Am I crazy? Am I alone? Maybe. You tell me.

Here are my top Tax Day hates.

1. Paperwork

Why isn't there a riot about this? According to the National Taxpayers Union, we each waste about 12 hours a year, every year, filling out this crazy stuff. Schedule B. Schedule C. Above the line. Below the line. Deductions, exemptions, non-refundable credits. Medical bills over 7.5% of adjusted gross income.

It's like we're being mugged and held hostage. Every year.

The instruction booklet for the 1040 now runs to 189 pages. No kidding.
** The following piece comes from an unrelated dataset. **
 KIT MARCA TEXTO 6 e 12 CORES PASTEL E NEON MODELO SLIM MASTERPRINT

Seventy-five years ago, says the NTU, it was two pages.

The U.S. tax code is insane and out of control. It's tripled in a decade. It now runs to 3.8 million words. To put that in context, William Shakespeare only needed 900,000 words to say everything he had to say. Hamlet. Othello. The history plays. The sonnets. The whole shebang. But the IRS needs four times as many words? Really?

2. Dishonesty

Your tax bill this year is a lie. You're only seeing about two-thirds of the full cost of government services. Really. Taxes are $2.3 trillion. Government spending is $3.6 trillion. The rest is being put on the national credit card.
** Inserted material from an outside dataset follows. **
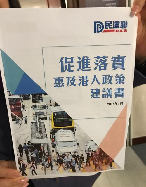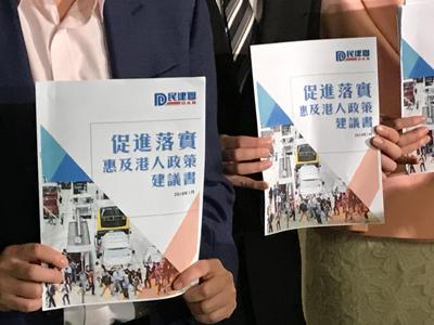 民建联经过深入研究和广泛咨询, 撰写了《促进落实惠及港人政策建议书》,就创业、就业促进落实和生活三方面提出了一些建议。诸如“给予港人内地身份证明”、“豁免港人在内地就业许可”、“鼓励希望服务国家的港人申请内地公务员职位”、“容许香港人参军入伍”、“推动央视等内地电视频道全面于香港落地并免费转播 ”等20项具体建议。

The tax bill is a lie every year. We've only paid our bills in full on April 15 five times in the last fifty years. The last president to balance the books every year he was in office? Calvin Coolidge -- back in the 1920s. How pathetic is that?

Deficits are just future taxes. According to the non-partisan Tax Foundation, "Tax Freedom Day" falls on April 17 this year -- but "Deficit Day," which includes the full bill, won't come for another month.

Taxes -- to steal from Albert Einstein -- should be as low as possible, but no lower. Stop lying to me.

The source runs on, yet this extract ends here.